Sesame Workshop sued STX last week, taking issue with the tagline for the trailer, alleging that the trailer “tarnishes” the Sesame brand.

“Sesame seeks to enjoin Defendants’ deliberate effort to appropriate its SESAME STREET mark, and its trusted brand and goodwill, to promote their R-rated movie, The Happytime Murders, by way of a violent and sexually-explicit trailer. SESAME STREET is a registered trademark of Sesame, an organization with a long and storied history of ‘helping kids grow smarter, stronger and kinder,’” the suit read. “Defendants’ widely-distributed marketing campaign features a just-released trailer with explicit, profane, drug-using, misogynistic, violent, copulating, and even ejaculating puppets, along with the tagline ‘NO SESAME. ALL STREET.’ Defendants do not own, control or have any right to use the SESAME STREET mark. Instead, they are distributing a trailer that deliberately confuses consumers into mistakenly believing that Sesame is associated with, has allowed, or has even endorsed or produced the movie and tarnishes Sesame’s brand.”

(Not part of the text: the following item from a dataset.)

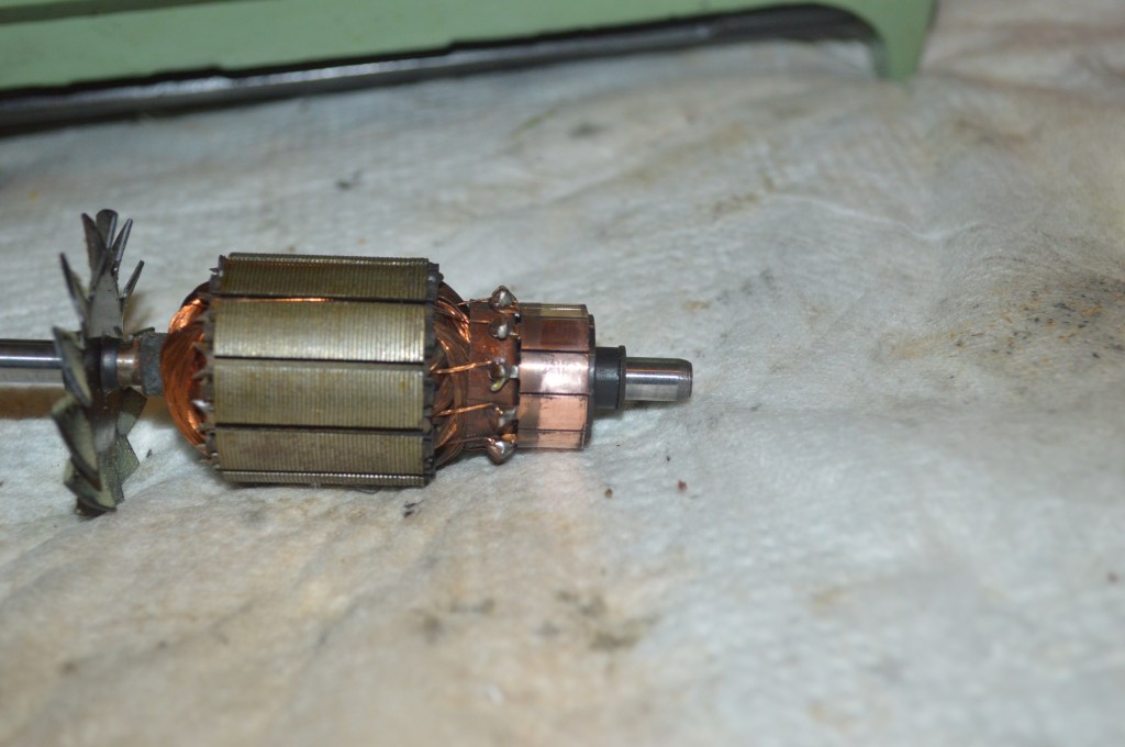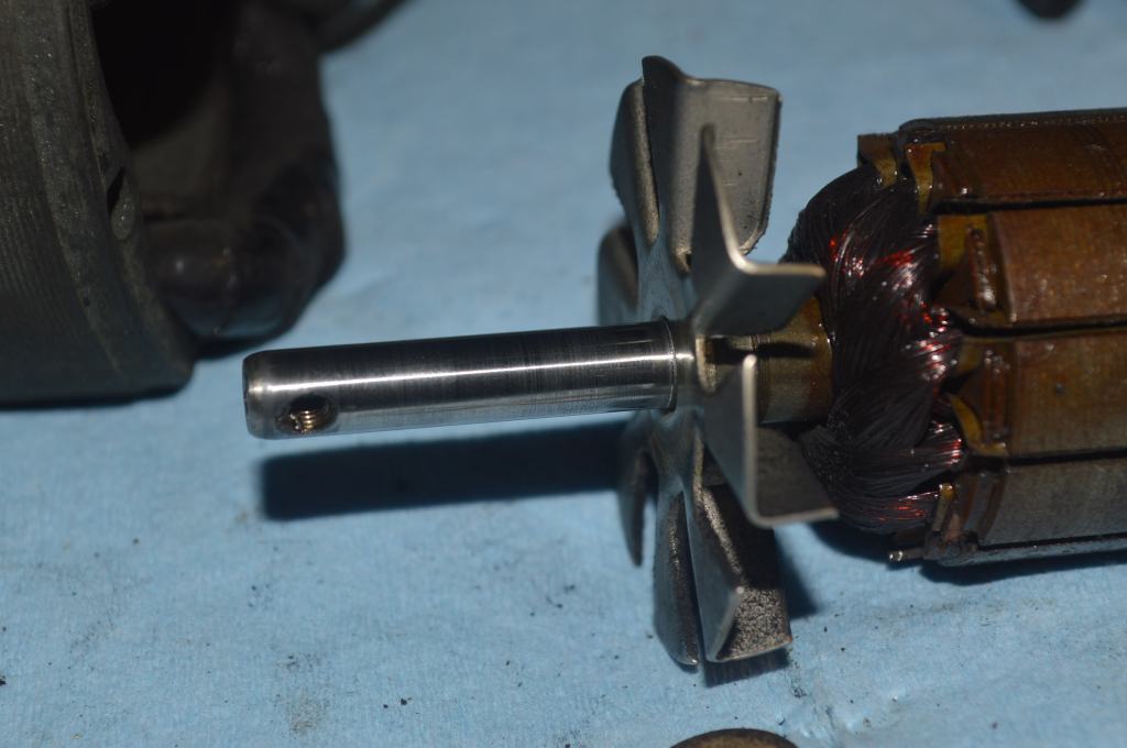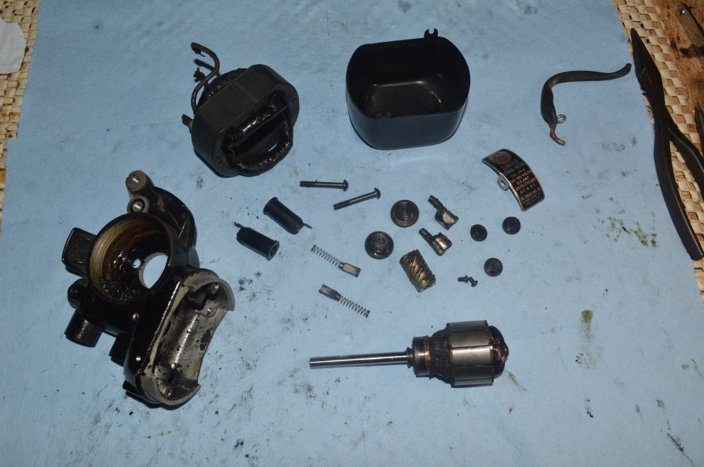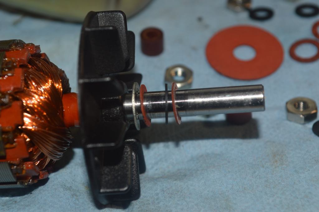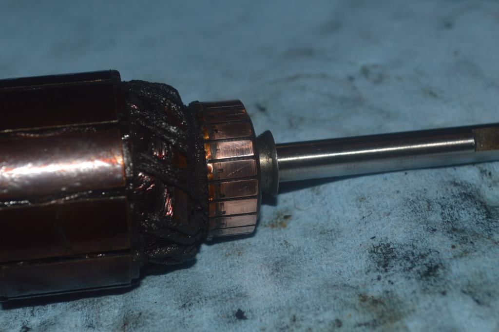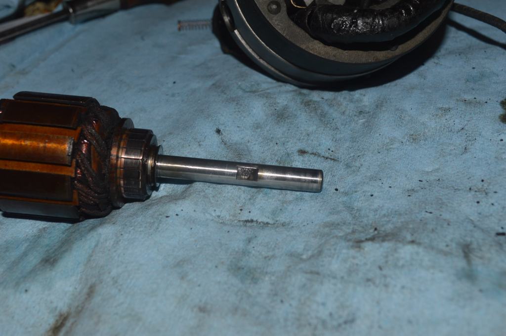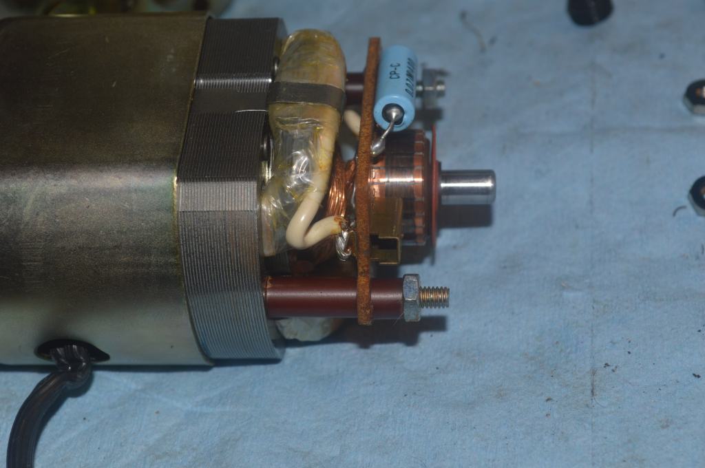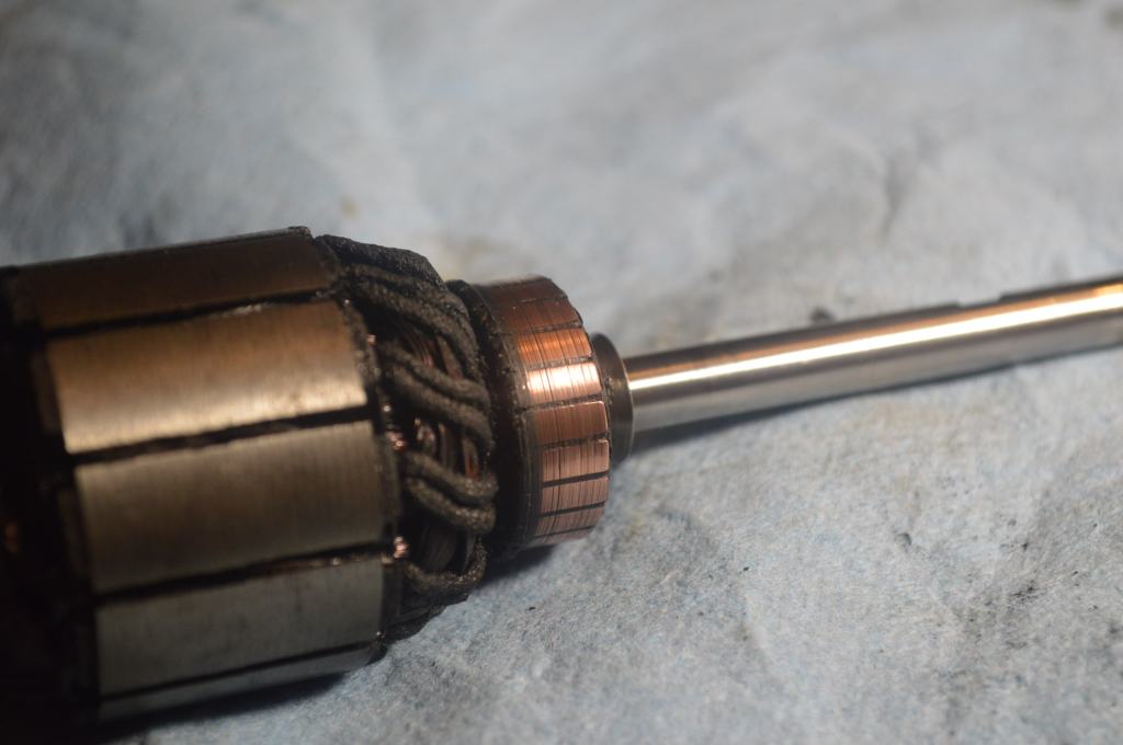 Before reassembly, the brushes are removed and cleaned, the armature and shafts are polished, the motor housings are cleaned on the inside and the oil wicks are recharged. The main wires are attached and soldered to the brush tubes. After reassembly, paint chips on the motor housing are corrected with paint match paint.

However, the New York Daily News reported that Judge Vernon Broderick said that the tagline actually distinguished the upcoming film from Sesame Street in a “humorous, pithy way.”

TheWrap has reached out to Sesame Workshop for a statement on the judge’s decision.

According to a description of the film, “The Happytime Murders” involves “the puppet cast of an ’80s children’s TV show” that “begins to get murdered one by one,” prompting “a disgraced LAPD detective-turned-private eye puppet to take on the case. It is directed by Muppets creator Jim Henson’s son Brian Henson, and counts The Jim Henson Company’s alternative banner Henson Alternative among its producers.

In a statement to TheWrap on Wednesday, STX’s representative in the matter, Fred, Esq. — who, we will remind readers, is a puppet — said that the company is “obviously very pleased” with the ruling.

“We fluffing love Sesame Street and we’re obviously very pleased that the ruling reinforced what STX’s intention was from the very beginning — to honor the heritage of The Jim Henson Company’s previous award-winning creations while drawing a clear distinction between any Muppets or Sesame Street characters and the new world Brian Henson and team created,” Fred said. “We believe we accomplished that with the very straightforward NO SESAME, ALL STREET tagline. We look forward to continued happytimes as we prepare to release Happytime Murders this summer.”